**** Provided records

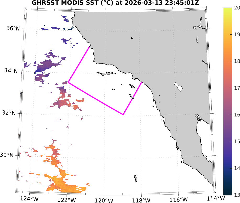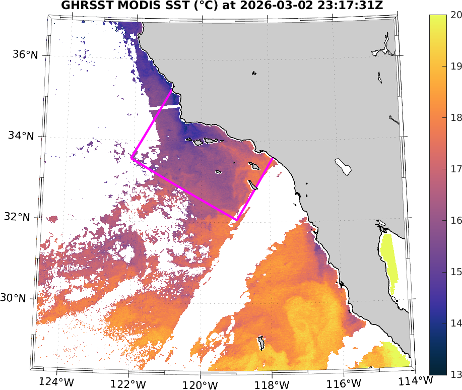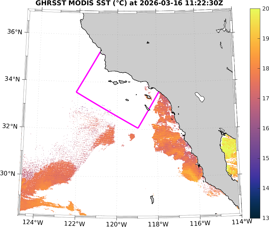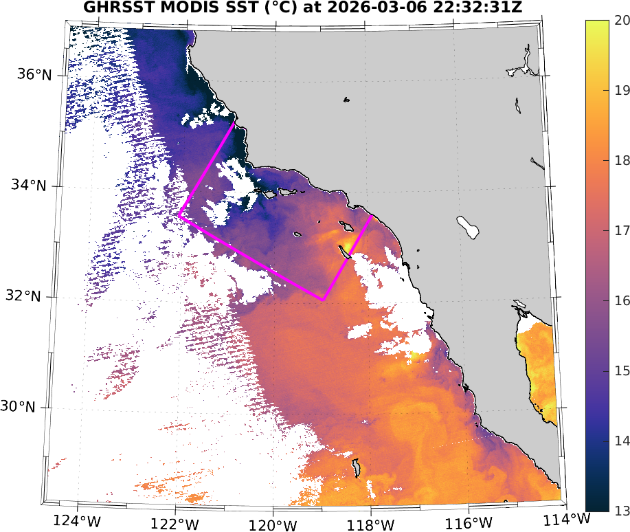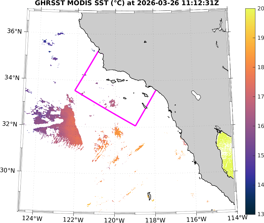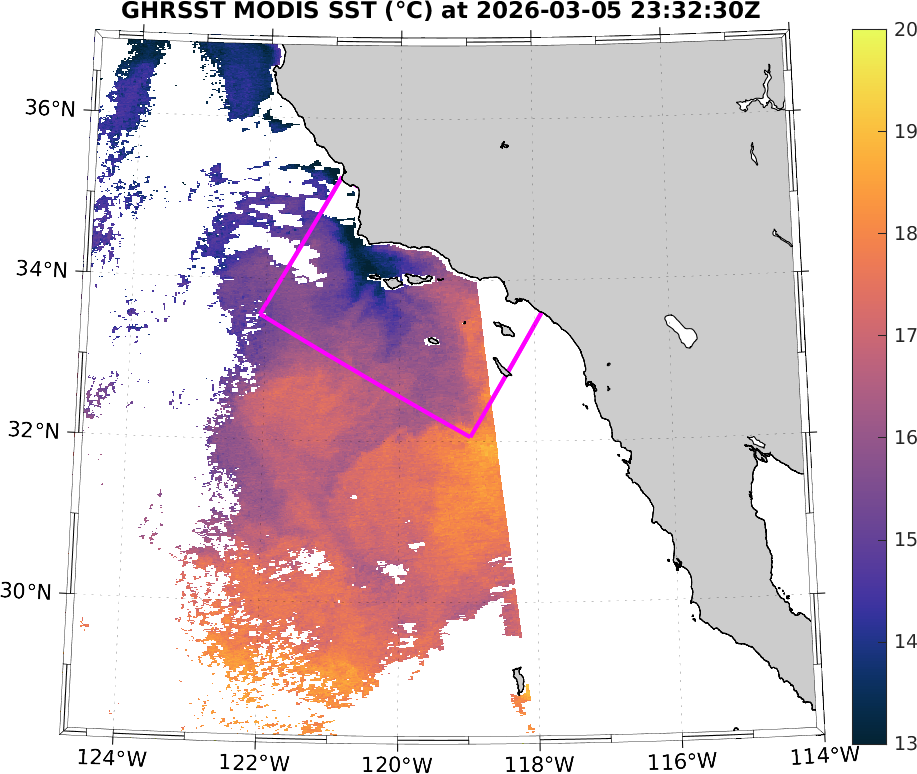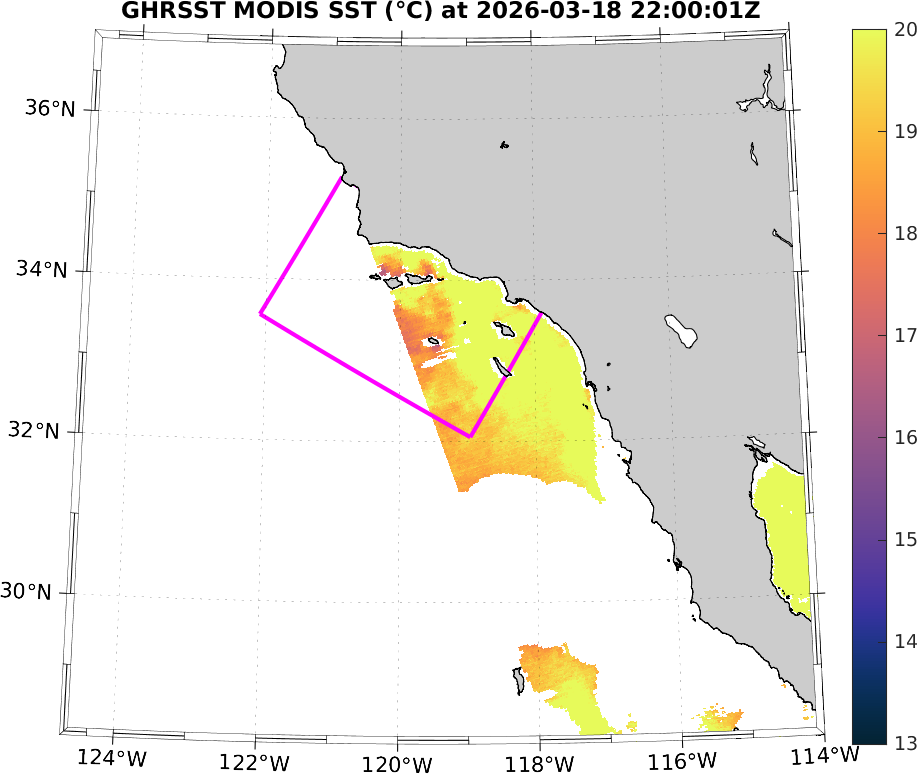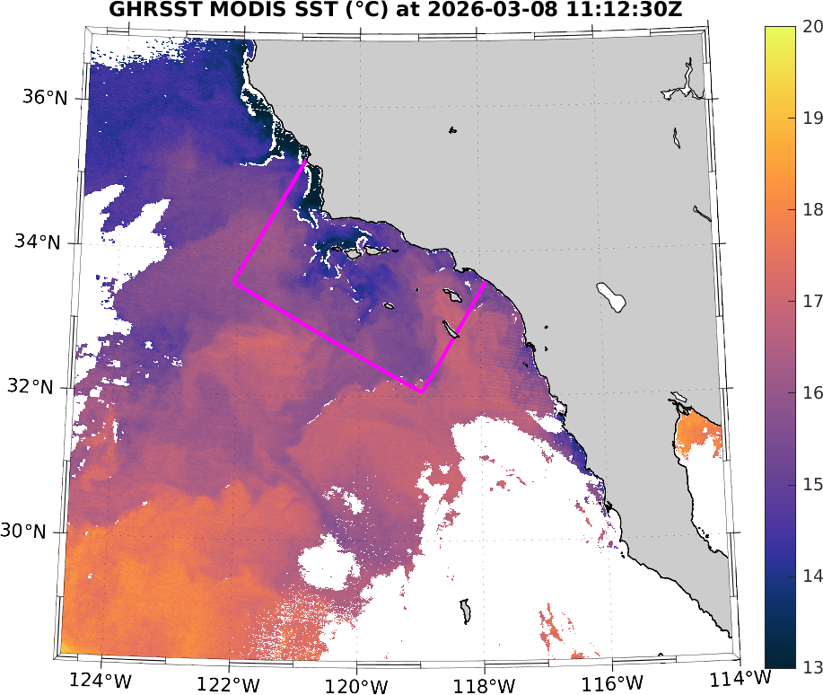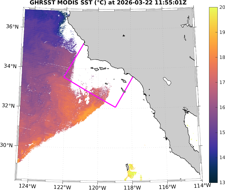 GHRSST MODIS Near-Real-Time SST Imagery, Southern California–Baja California domain
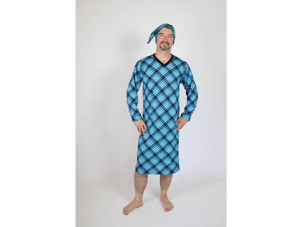 Výrobce: Rozárka| Pánská noční košile značky Rozárka v tyrkysové barvě. Noční košile má výstřih do V a dlouhý rukáv. Noční košile má tyrkysový kostkovaný vzor.
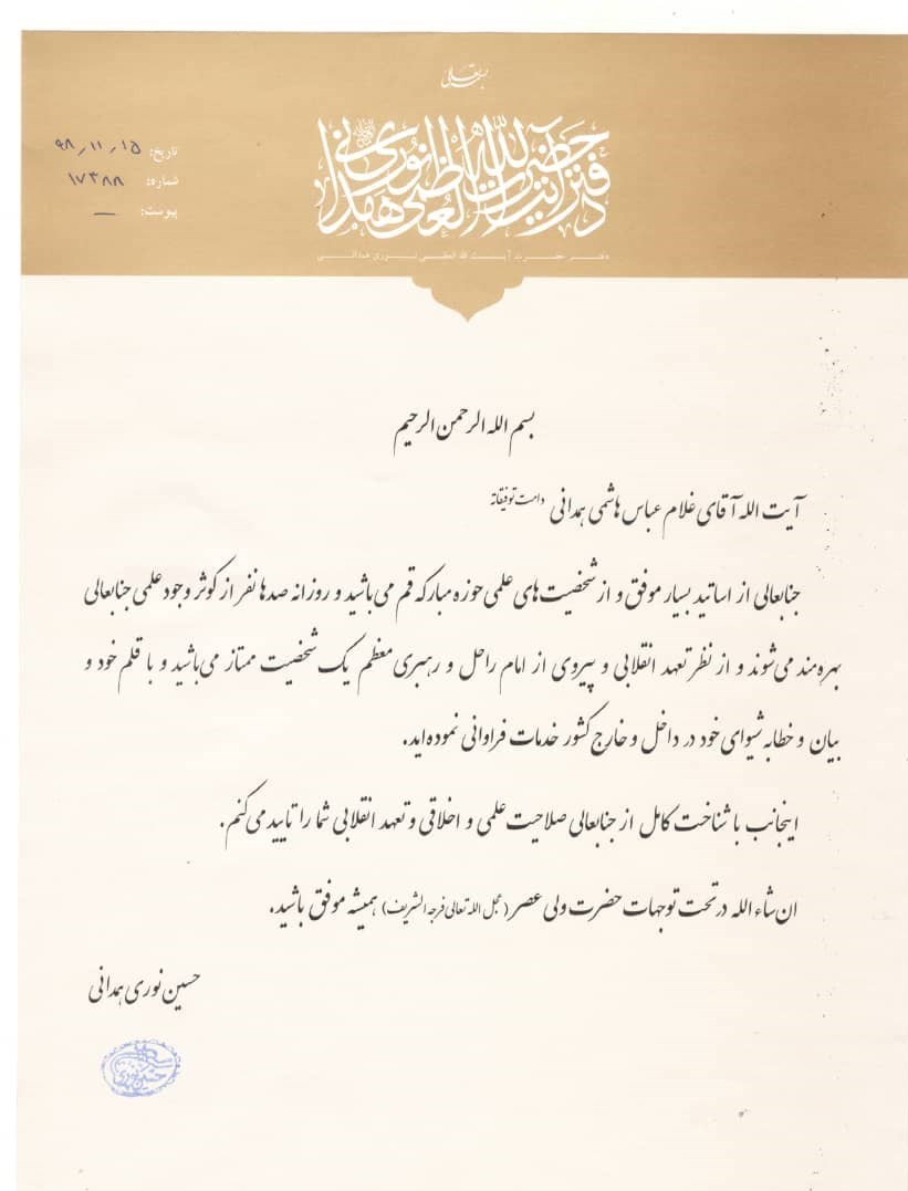 اینجانب با شناخت کامل از جنابعالی صلاحیت علمی و اخلاقی و تعهد انقلابی شما را تایید میکنم.
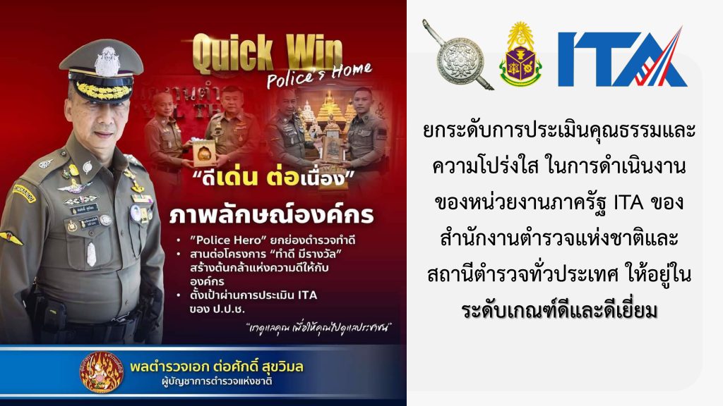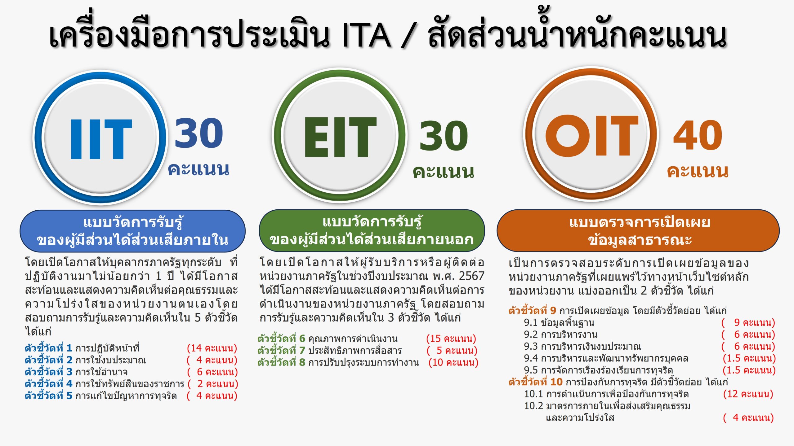 ITA เป็นการประเมินหน่วยงานภาครัฐทั่วทุกแห่งในประเทศไทย เกี่ยวกับคุณลักษณะด้านคุณธรรมและความโปร่งใสในการดำเนินงานทุกมิติซึ่งเปรียบเสมือนการตรวจสุขภาพองค์กรประจำปีโดยผลที่ได้จะนำไปปรับปรุงพัฒนาองค์กรในปีงบประมาณถัดไป
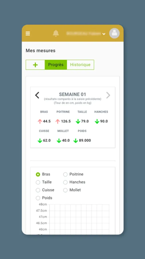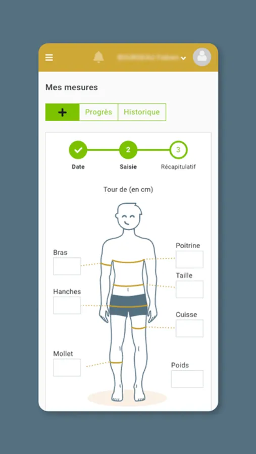 Le suivi de l’évolution des mensurations et du poids au sein de l’application ne dispense pas l’utilisateur de conseils adaptés d’un professionnel de santé. Demandez l’avis d’un médecin avant toute prise de décision médicale.
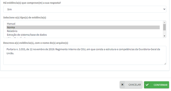 9. No campo Descreva a(s) evidência(s), é importante informar o nome do arquivo que será anexado e descrever mais informações sobre ele. Isso permite que se consiga identificar, dentre os anexos relacionados àquele objetivo, qual deles se refere a evidência de cada elemento. Caso queira explicar alguma peculiaridade acerca das evidências juntadas, esse campo de texto será útil para essa função. Uma vez preenchidas as informações relativas àquele elemento, clique em Confirmar.
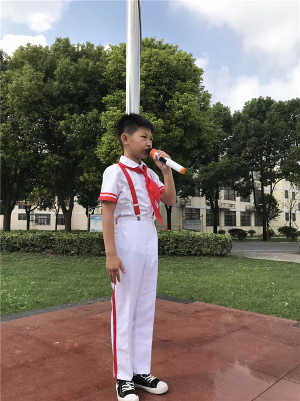 来自六12中队的蒋双宇同学是本周的光荣升旗手,他用一首诗朗诵《扬帆起航》带大家领略了祖国70年来的沧桑巨变。从青藏高原到南海诸岛,从大漠塞北到烟雨江南,泱泱中华,幅员辽阔,如一颗明珠闪耀在世界的东方。复兴号风驰电掣,大飞机直上云霄,探月工程寻访苍穹……新中国70年砥砺奋进,书写了一部又一部让世界为之震撼的发展史诗。
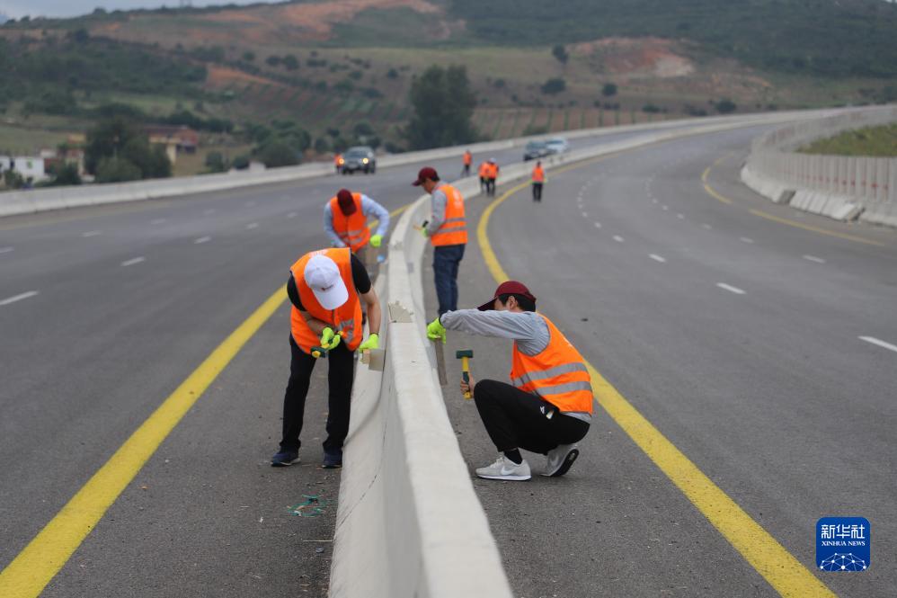 7月1日,在阿爾及利亞塔夫省,施工人員為阿爾及利亞東西高速公路84公里項目通車做準備。

********

**Exercise objective:** Only the lines from the one with "9. No campo" through the end of the listing should be transcribed, exactly and without pictures.

**Exercise response:**
 9. No campo Descreva a(s) evidência(s), é importante informar o nome do arquivo que será anexado e descrever mais informações sobre ele. Isso permite que se consiga identificar, dentre os anexos relacionados àquele objetivo, qual deles se refere a evidência de cada elemento. Caso queira explicar alguma peculiaridade acerca das evidências juntadas, esse campo de texto será útil para essa função. Uma vez preenchidas as informações relativas àquele elemento, clique em Confirmar.
 来自六12中队的蒋双宇同学是本周的光荣升旗手,他用一首诗朗诵《扬帆起航》带大家领略了祖国70年来的沧桑巨变。从青藏高原到南海诸岛,从大漠塞北到烟雨江南,泱泱中华,幅员辽阔,如一颗明珠闪耀在世界的东方。复兴号风驰电掣,大飞机直上云霄,探月工程寻访苍穹……新中国70年砥砺奋进,书写了一部又一部让世界为之震撼的发展史诗。
 7月1日,在阿爾及利亞塔夫省,施工人員為阿爾及利亞東西高速公路84公里項目通車做準備。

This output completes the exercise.